Software Project Management
This course teaches students how to manage software development projects effectively, covering agile methodologies, risk management, and team leadership. Students learn to use tools such as Jira, Confluence, and Git for version control and collaboration. The course includes a capstone project where teams manage a real software product from conception to deployment.
Big Data Technologies
This elective introduces students to big data processing frameworks such as Hadoop and Spark. Students learn to store, process, and analyze large datasets using distributed computing technologies. The curriculum includes hands-on labs with real-time streaming data platforms like Apache Kafka and NiFi.
Network Security and Cryptography
This course explores the mathematical foundations of cryptography and modern network security protocols. Students learn to implement cryptographic algorithms, secure network configurations, and detect intrusion attempts using honeypots and signature-based detection systems.
Project-Based Learning Philosophy
Our department emphasizes project-based learning as a core component of the curriculum. This approach allows students to apply theoretical knowledge in practical contexts while developing essential skills such as teamwork, problem-solving, and communication.
Mini-projects are integrated throughout the first four semesters, beginning with foundational tasks that reinforce basic concepts. These projects are typically completed within 2-3 weeks and involve small groups of 2-4 students. The goal is to build confidence and foster creativity while reinforcing academic material.
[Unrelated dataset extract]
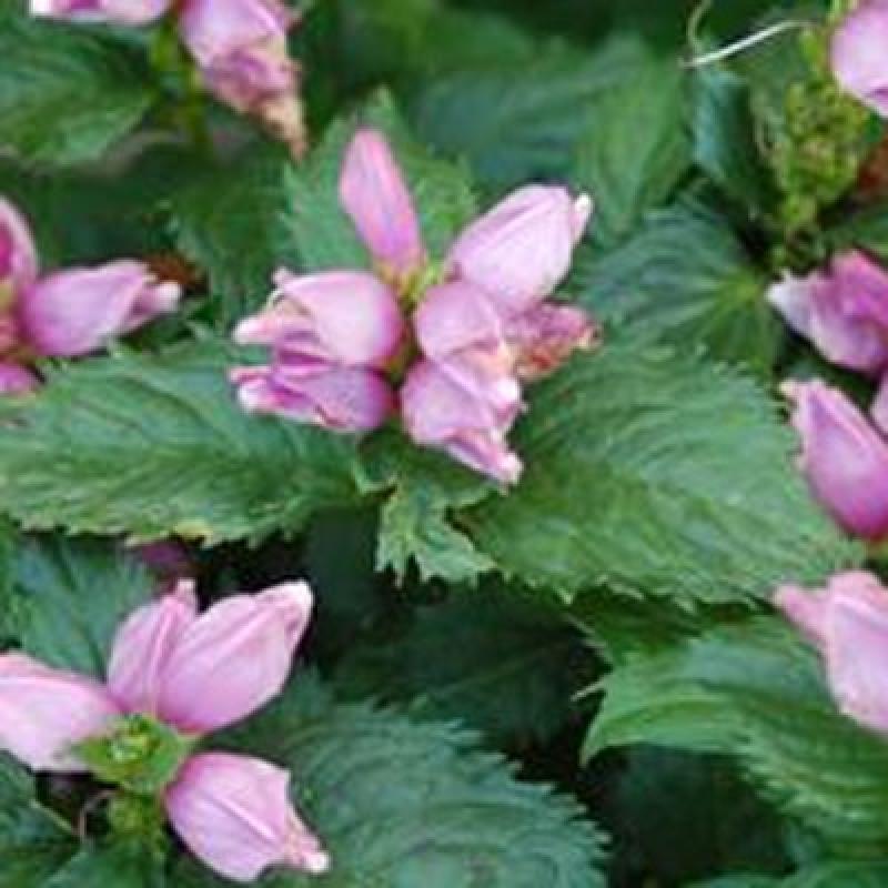 'Hot Lips' features wide, deep green foliage that emerges bronze-green before giving rise to red tinged stems and deep rose-pink flowers in August.

The final-year capstone project represents a significant milestone in the program. Students work in teams to develop a comprehensive solution to a real-world problem, often collaborating with industry partners or faculty research projects. This phase spans 6 months and involves multiple stages including proposal development, literature review, implementation, testing, and presentation.
Students select their projects based on interests, faculty availability, and resource constraints. Each project is supervised by a faculty member who provides guidance throughout the process. The evaluation criteria include technical depth, innovation, documentation quality, and oral presentation skills.